THE DATA Start Marker

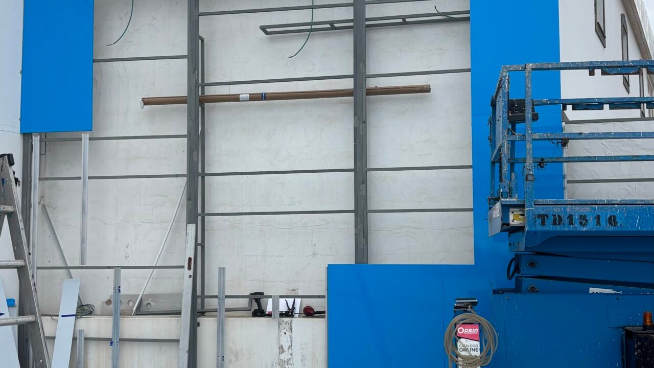 - Continuamos con la parte superior de la entrada, para centrar de forma simétrica los composites y partir de esa simetría hacia los extremos. El revestimiento se hizo sobre rastreles de aluminio. Completamos el resto de la fachada mientras nos encargábamos de situar las letras corpóreas y logotipos en su lugar. Ayudándonos de plantillas previamente preparadas en láser.
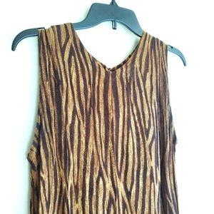 This feminine dress sports an abstract two-tone design print. The dress is further enhanced with a cape. Light stretch. Excellent pre-owned condition
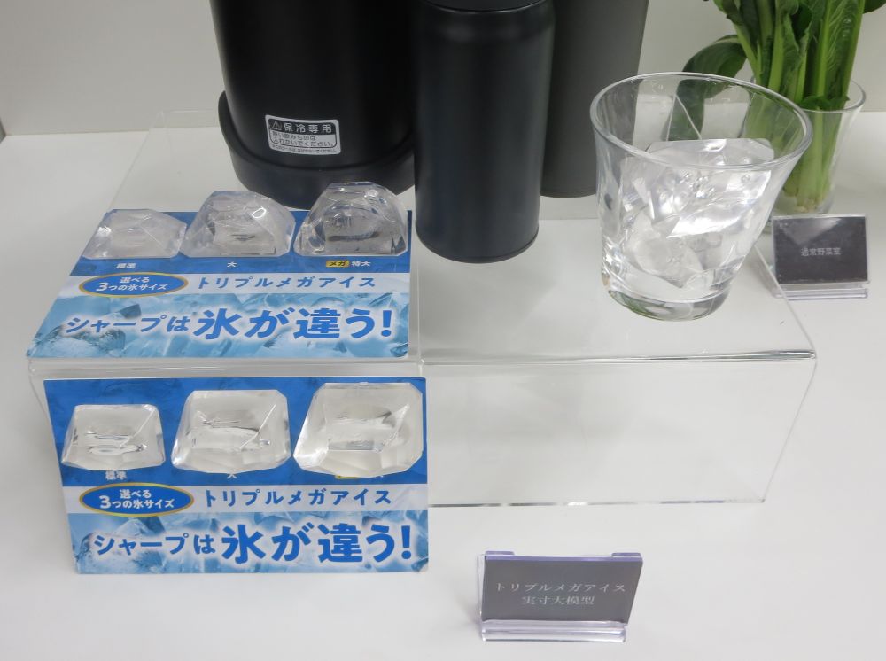 製氷機能も充実させた。水筒の大型化に伴い従来の標準、大の2サイズに加え、新たに特大サイズの氷を作れる「トリプルメガアイス」機能を搭載。本体とアプリでそれぞれ設定したサイズを交互に製氷する「サイズミックス製氷」も実現した。
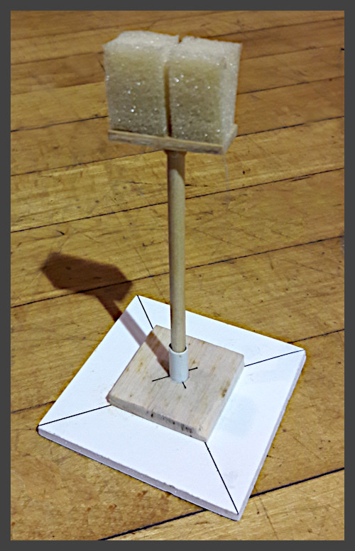 Pictured here is Gary’s design for the stand but it can be made any way the maker chooses. The size of the weighing platform dictated the 3″ square base that Gary went with. The base can be made of sheet balsa or in Gary’s case, 3/16″ foam core board. A space between the foam blocks holds the part or model gently but firmly.
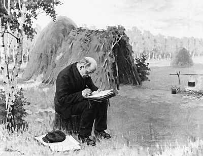 列寧在拉茲利夫湖畔匿居地寫作《國家與革命》(油畫)M.索科洛夫繪
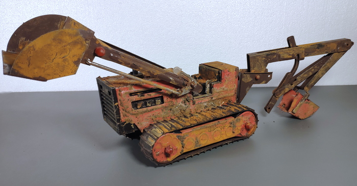 Решил поделиться своей работой.Купил на аукционе советский игрушечный бульдозер киевского завода им.Ватутина 1978 года выпуска,полностью с родными частями ,но такое ощущение,что лежал в болоте.
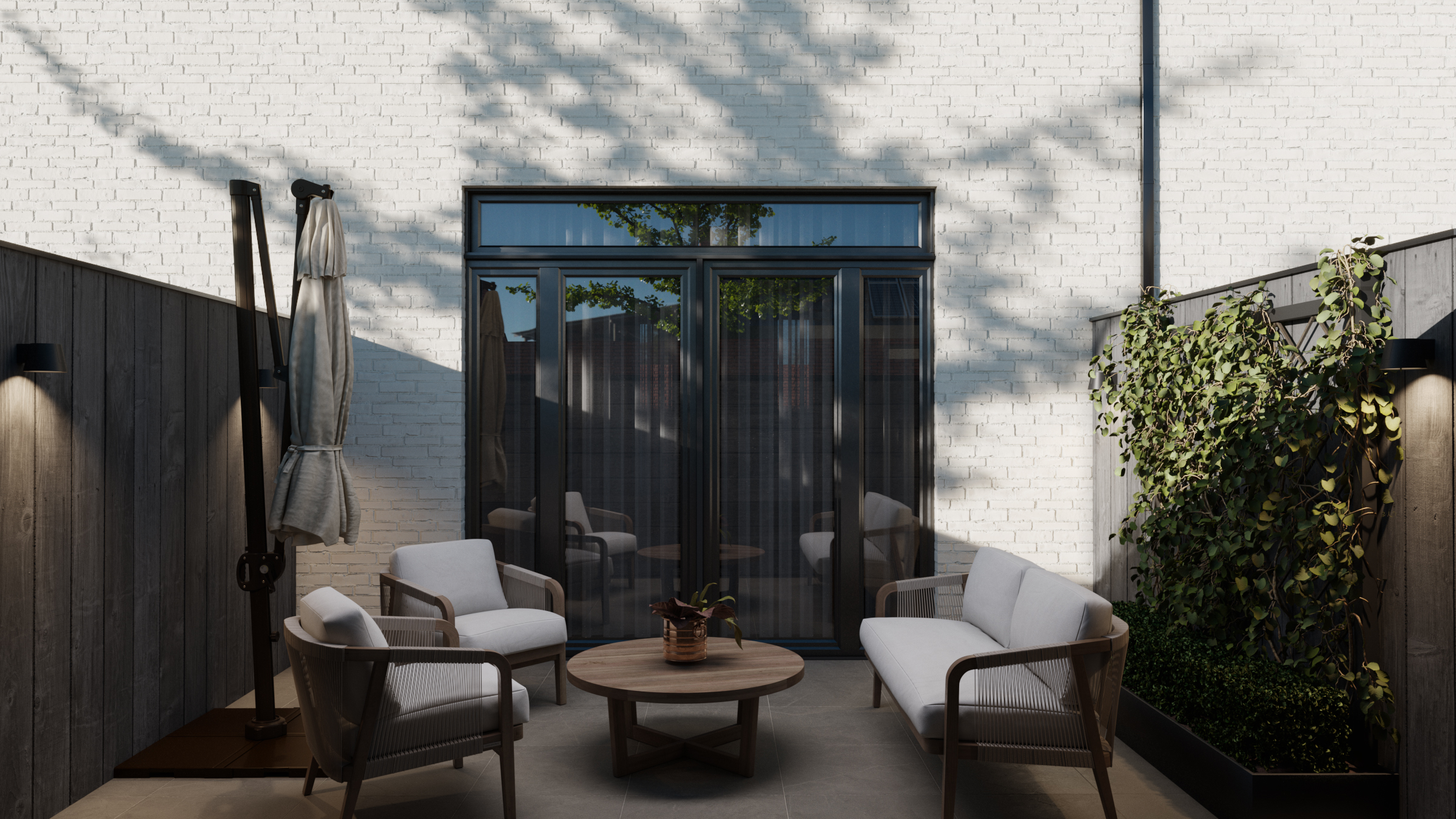 – Onderhoudsarme Tuin: Ideaal om te genieten van zonnige dagen, inclusief antraciet tegels (80×80 cm) en een composiet schutting.

THE DATA End Marker

## ASSIGNED TASK
Print the data above from its first line through the line that has "列寧在拉茲利夫湖畔匿居地寫作《國家與革命》(油畫)M.索科洛夫繪", exactly and with nothing else, omitting pictures.

## EXERCISE OUTPUT
 - Continuamos con la parte superior de la entrada, para centrar de forma simétrica los composites y partir de esa simetría hacia los extremos. El revestimiento se hizo sobre rastreles de aluminio. Completamos el resto de la fachada mientras nos encargábamos de situar las letras corpóreas y logotipos en su lugar. Ayudándonos de plantillas previamente preparadas en láser.
 This feminine dress sports an abstract two-tone design print. The dress is further enhanced with a cape. Light stretch. Excellent pre-owned condition
 製氷機能も充実させた。水筒の大型化に伴い従来の標準、大の2サイズに加え、新たに特大サイズの氷を作れる「トリプルメガアイス」機能を搭載。本体とアプリでそれぞれ設定したサイズを交互に製氷する「サイズミックス製氷」も実現した。
 Pictured here is Gary’s design for the stand but it can be made any way the maker chooses. The size of the weighing platform dictated the 3″ square base that Gary went with. The base can be made of sheet balsa or in Gary’s case, 3/16″ foam core board. A space between the foam blocks holds the part or model gently but firmly.
 列寧在拉茲利夫湖畔匿居地寫作《國家與革命》(油畫)M.索科洛夫繪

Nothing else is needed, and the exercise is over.